BEGIN RECORDS FOR THIS EXERCISE

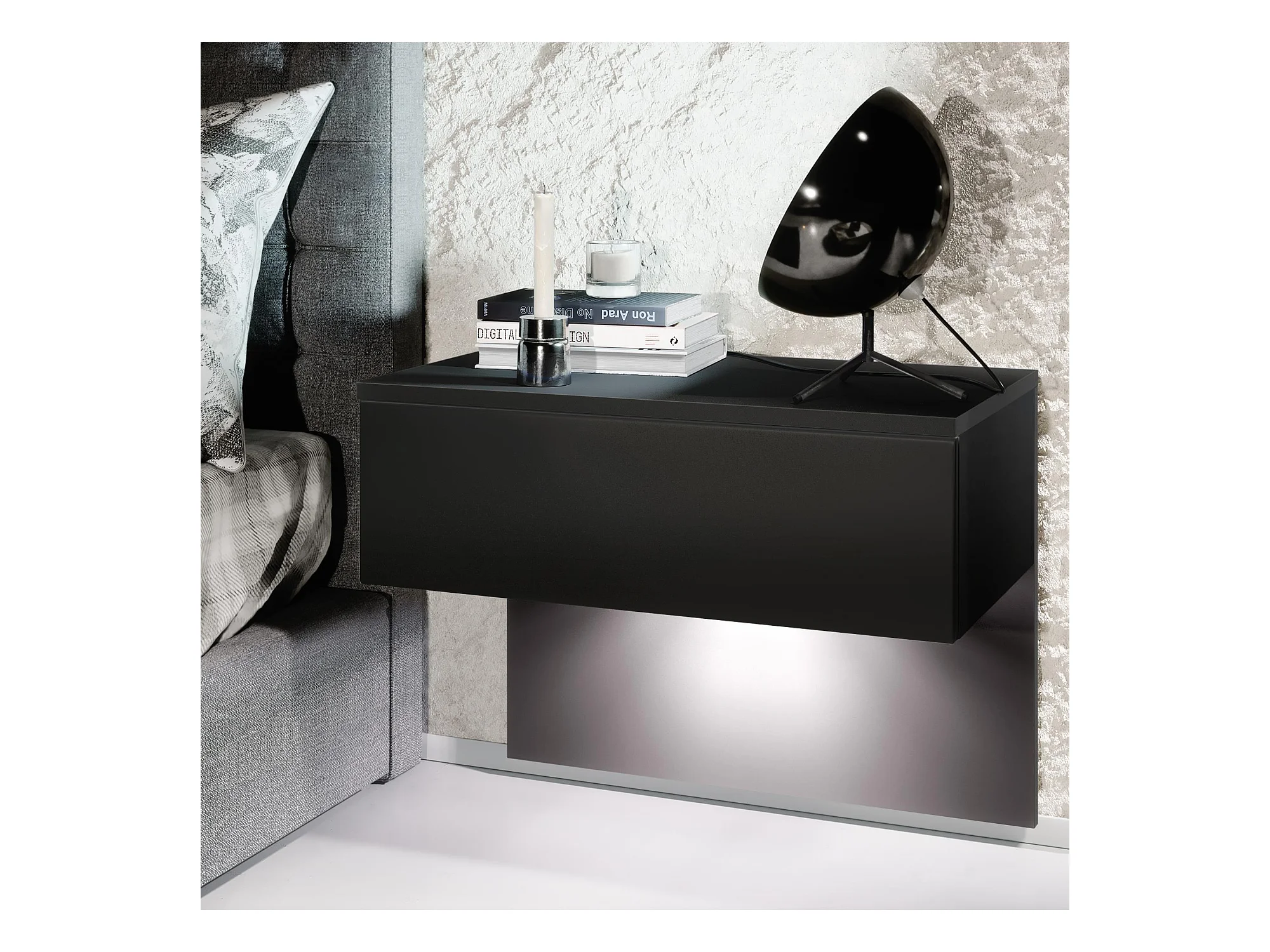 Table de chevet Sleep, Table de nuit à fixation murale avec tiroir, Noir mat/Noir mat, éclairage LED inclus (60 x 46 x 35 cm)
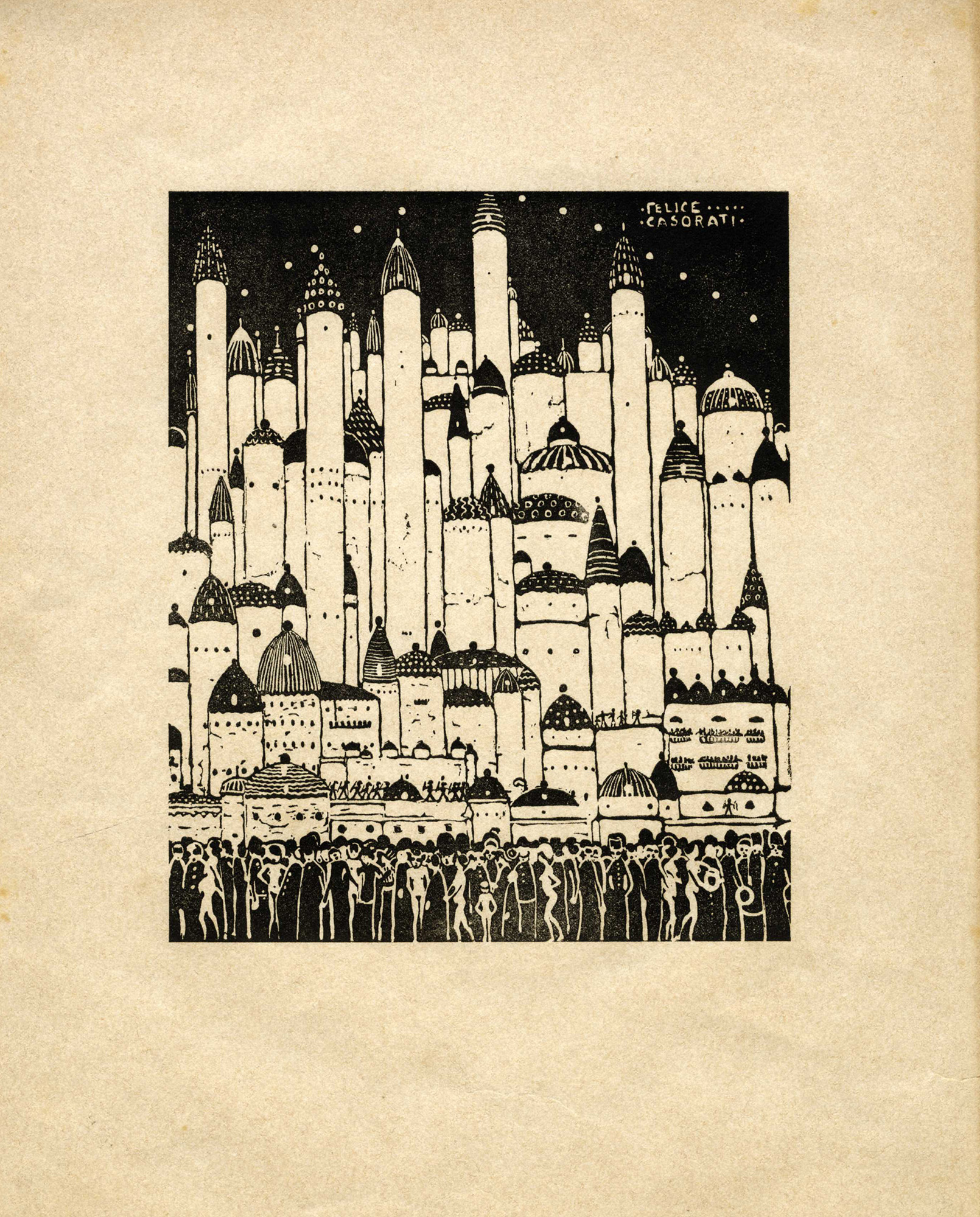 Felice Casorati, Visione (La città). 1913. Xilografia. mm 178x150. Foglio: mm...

END RECORDS FOR THIS EXERCISE
BEGIN RECORDS FOR THIS EXERCISE

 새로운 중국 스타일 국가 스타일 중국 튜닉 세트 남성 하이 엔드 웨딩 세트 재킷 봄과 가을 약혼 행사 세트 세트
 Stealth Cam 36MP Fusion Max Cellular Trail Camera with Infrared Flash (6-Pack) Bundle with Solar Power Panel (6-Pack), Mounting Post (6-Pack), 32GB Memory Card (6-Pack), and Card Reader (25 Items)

END RECORDS FOR THIS EXERCISE

Please give back exactly the lines of this listing beginning at the line with "새로운 중국 스타일 국가" and ending with the line with "Stealth Cam 36MP", both included, and nothing else.

 새로운 중국 스타일 국가 스타일 중국 튜닉 세트 남성 하이 엔드 웨딩 세트 재킷 봄과 가을 약혼 행사 세트 세트
 Stealth Cam 36MP Fusion Max Cellular Trail Camera with Infrared Flash (6-Pack) Bundle with Solar Power Panel (6-Pack), Mounting Post (6-Pack), 32GB Memory Card (6-Pack), and Card Reader (25 Items)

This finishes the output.